Face Recognition Miss; Boston Marathon Bombings


Author: Anumbor Ogor


source: CNN (Boston Marathon bombing)


The Boston marathon bombings and subsequent events that followed with the infamous Tsarnaev brothers was a missed opportunity for security agencies to identify the brothers using existing face recognition systems.

2:49 PM., April 15, 2013, Boylston community, Boston, was swarming with a beehive of people for support of those participating in a marathon race when two bombs went off close to the marathon finish line. Shock, disbelief, confusion, tears and sorrow ripped the venue after two separate explosions rocked the venue, one after the other, killing three people and injuring more than 240 people. Some of the injured people lost both limbs and others a limb, bringing it to a total of 17 people who lost limbs.
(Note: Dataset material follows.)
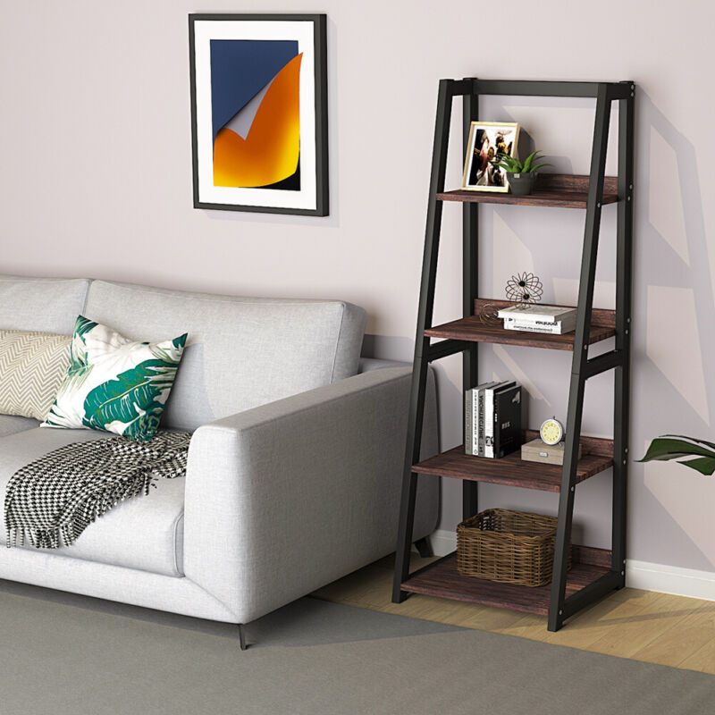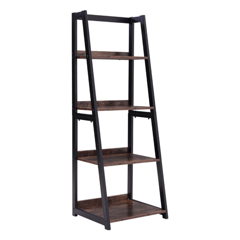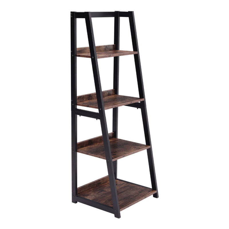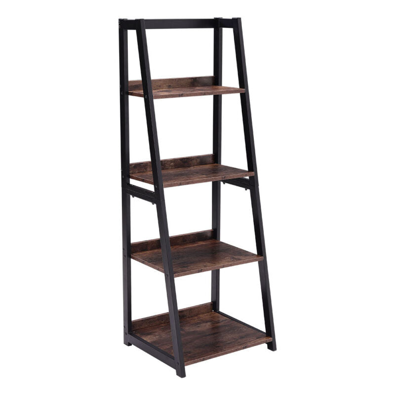 Industrial 4 Tier Bookcase Rustic Wood Shelving Unit Open Storage Display Shelf

In their search, detectives compiled several video surveillance footage captured from CCTV camera feeds around the area. The videos revealed two of the brothers before the bombing, one with a round black hat and the other with a white hat. The video showed each of the brothers carrying bags on their backs walking around the venue before they were seen dropping the bags.

The whole period between occurrence of bombings till the last events surrounding the death of Tamerlan and capture of his younger brother – Dzhokhar was about 5 days interval – more specifically – 88 hours. This window period could have been more than enough for security agencies to have employed the services of a face recognition system and possibly reduced post-bombings casualty (MIT officer), but the situation was unfolding rather too quickly and the mounting pressure on security operatives to identify and capture the bombers may have been a possible reason why an opportunity of that magnitude was missed in identifying the two bombers in record time. A second theory why they may have ignored using face recognition systems during the window periods could be that the security agencies might have actually tried running but possibly they had had poor or unsatisfactory retrieval rates on their image candidate queries for the brothers.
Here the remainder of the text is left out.